Pertenezco a una gran familia, que, según los datos constatados en los documentos de la iglesia que lo justifican, vivían en casasuertes desde los años más o menos 1777. Mis Tatarabuelos Paternos y Maternos, Bisabuelos Paternos y Maternos, Abuelos Paterno y Maternos, vivieron en Casasuertes. Mis Padres : Bonifacio Reyero Riaño y Marcelina Díez Rodríguez. Vivieron siempre en Casasuertes en esta casa hasta que se vieron obligados a irse a Madrid. Nací dentro de una familia numerosa de 15 hermanos, en la actualidad vivimos doce, nos dejaron Rosario, Jesús y Justo.

Zacarías Reyero Díez Riaño Rodríguez. ( 26/05/1928). Jesús Reyero Díez Riaño Rodríguez .( 04/01/1930). Daniel Reyero Díez Riaño Rodríguez. ( 11/12/1932). Marino Reyero Díez Riaño Rodríguez. (26/01/1934). Cristina Reyero Díez Riaño Rodríguez. (18/07/1936). Carmen Reyero Díez Riaño Rodríguez. (14/06/1938). Idelfonso Reyero Díez Riaño Rodríguez. (23/01/1943). Angelines Reyero Díez Riaño Rodríguez. (02/09/1941). Avelina Reyero Díez Riaño Rodríguez. (10/11/1942). Antonio Reyero Díez Riaño Rodríguez. (07/06/1944). Justo Reyero Díez Riaño Rodríguez. (10/11/1945). Marcelina Reyero Díez Riaño Rodríguez. ( 08/10/1947). Rosario Reyero Díez Riaño Rodríguez. (07/10/1949). Rosalía Reyero Díez Riaño Rodríguez. (16/01/1951). Faustina Reyero Díez Riaño Rodríguez. (18/09/1953

De mi infancia tengo pocos recuerdos y los que tengo son agradables. He sido una niña feliz, y sobretodo, muy traviesa y tremendamente curiosa. No tengo traumas de la niñez, quizás porque era una niña muy protegida por tantos. El que me llame como mi madre, le gustaba a ella contarme, que cuando nací tenia una cara rellenita y con bastante peso, al verme mi padre le dijo : " Marcelina ésta se va a llamar como tú ". A ella la llamaban Marcela y a mi Marce. Todos los días le llevaba el periódico que llegaba a casa de mi Padre que era alcalde a D. Joaquín el Maestro que se hospedaba en casa de Tío Pedro. En la escuela me pasaba muchos ratos de rodillas con dos libros sujetándolos con la mano, acompañada casi siempre por mi prima Nati. El profesor era muy severo y estricto, pero más temía que se ausentara porque le remplazaba mi hermano Zacarías y entonces no podía extralimitarme. A la escuela no se podía faltar; era una institución seria. Mi tío Marcelino mandaba material para la Escuela. Las nevadas, que eran grandes, tampoco impedían asistir a clase.Era sagrado los niños teníamos claro que a la escuela y a la misa no se podía faltar. Todos los niños asistían.

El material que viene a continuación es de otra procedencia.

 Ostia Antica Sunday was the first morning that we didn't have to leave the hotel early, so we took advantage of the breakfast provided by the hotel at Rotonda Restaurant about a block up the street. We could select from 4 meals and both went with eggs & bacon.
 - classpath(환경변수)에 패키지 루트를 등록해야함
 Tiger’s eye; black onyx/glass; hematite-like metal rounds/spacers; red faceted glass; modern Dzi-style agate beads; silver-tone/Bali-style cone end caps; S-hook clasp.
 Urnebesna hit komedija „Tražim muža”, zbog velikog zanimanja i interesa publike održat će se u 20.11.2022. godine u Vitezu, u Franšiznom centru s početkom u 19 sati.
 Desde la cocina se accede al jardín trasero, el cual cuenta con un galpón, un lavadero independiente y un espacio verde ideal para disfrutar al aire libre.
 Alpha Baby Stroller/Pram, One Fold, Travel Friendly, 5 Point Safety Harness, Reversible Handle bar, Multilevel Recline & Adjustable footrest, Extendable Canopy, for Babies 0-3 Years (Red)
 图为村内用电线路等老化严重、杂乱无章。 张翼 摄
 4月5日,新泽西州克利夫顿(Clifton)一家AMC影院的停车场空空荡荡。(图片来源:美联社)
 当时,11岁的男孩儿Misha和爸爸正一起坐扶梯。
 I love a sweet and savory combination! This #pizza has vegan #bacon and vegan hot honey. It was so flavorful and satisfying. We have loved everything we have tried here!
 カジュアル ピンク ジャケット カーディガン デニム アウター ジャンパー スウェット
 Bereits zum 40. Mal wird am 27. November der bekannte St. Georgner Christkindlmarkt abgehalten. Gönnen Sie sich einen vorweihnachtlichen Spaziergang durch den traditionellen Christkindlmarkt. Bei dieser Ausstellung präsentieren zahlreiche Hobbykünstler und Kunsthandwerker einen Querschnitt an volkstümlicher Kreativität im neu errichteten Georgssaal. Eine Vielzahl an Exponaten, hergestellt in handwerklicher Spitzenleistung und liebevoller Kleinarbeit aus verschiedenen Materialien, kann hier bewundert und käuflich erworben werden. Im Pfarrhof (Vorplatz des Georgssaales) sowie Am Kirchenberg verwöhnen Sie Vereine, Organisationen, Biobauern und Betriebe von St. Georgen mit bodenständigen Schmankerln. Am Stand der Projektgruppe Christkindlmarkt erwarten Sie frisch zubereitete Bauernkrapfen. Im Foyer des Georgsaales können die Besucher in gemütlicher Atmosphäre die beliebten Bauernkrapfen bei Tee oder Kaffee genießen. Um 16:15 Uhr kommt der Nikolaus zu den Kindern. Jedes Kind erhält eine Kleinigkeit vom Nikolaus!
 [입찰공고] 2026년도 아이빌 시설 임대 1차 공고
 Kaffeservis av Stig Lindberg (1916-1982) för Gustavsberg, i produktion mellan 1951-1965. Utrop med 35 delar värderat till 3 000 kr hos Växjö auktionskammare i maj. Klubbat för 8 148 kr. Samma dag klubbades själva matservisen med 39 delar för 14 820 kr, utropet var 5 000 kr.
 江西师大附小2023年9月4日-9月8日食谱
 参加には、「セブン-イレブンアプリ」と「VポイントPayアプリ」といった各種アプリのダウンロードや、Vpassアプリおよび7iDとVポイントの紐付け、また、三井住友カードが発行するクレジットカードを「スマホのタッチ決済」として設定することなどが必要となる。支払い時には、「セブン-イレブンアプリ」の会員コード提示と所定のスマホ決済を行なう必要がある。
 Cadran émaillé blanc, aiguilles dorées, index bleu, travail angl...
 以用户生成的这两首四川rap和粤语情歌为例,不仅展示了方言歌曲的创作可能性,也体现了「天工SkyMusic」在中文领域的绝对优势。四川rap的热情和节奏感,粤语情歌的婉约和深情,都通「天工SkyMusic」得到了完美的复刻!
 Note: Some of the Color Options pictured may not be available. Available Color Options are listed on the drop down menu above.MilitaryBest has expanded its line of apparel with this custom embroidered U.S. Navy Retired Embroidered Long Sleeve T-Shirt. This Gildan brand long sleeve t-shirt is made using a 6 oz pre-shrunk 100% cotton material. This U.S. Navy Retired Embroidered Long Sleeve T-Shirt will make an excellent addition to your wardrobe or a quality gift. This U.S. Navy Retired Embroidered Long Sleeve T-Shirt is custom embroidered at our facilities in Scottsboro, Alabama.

Recuerdo que estuve enferma y aunque no teníamos muchos medios en los pueblos, los cuidados que tuvieron conmigo fueron estupendos. No me acuerdo ni la enfermedad que padecía, creo que fueron problemas de hígado. Tenía comidas especiales, y venía mucha gente a verme. Recuerdo que estuve enferma y aunque no teníamos muchos medios en los pueblos, los cuidados que tuvieron conmigo fueron estupendos. No me acuerdo ni la enfermedad que padecía, creo que fueron problemas de hígado. Tenía comidas especiales, y venía mucha gente a verme. En realidad hasta mis hermanos me envidiaban.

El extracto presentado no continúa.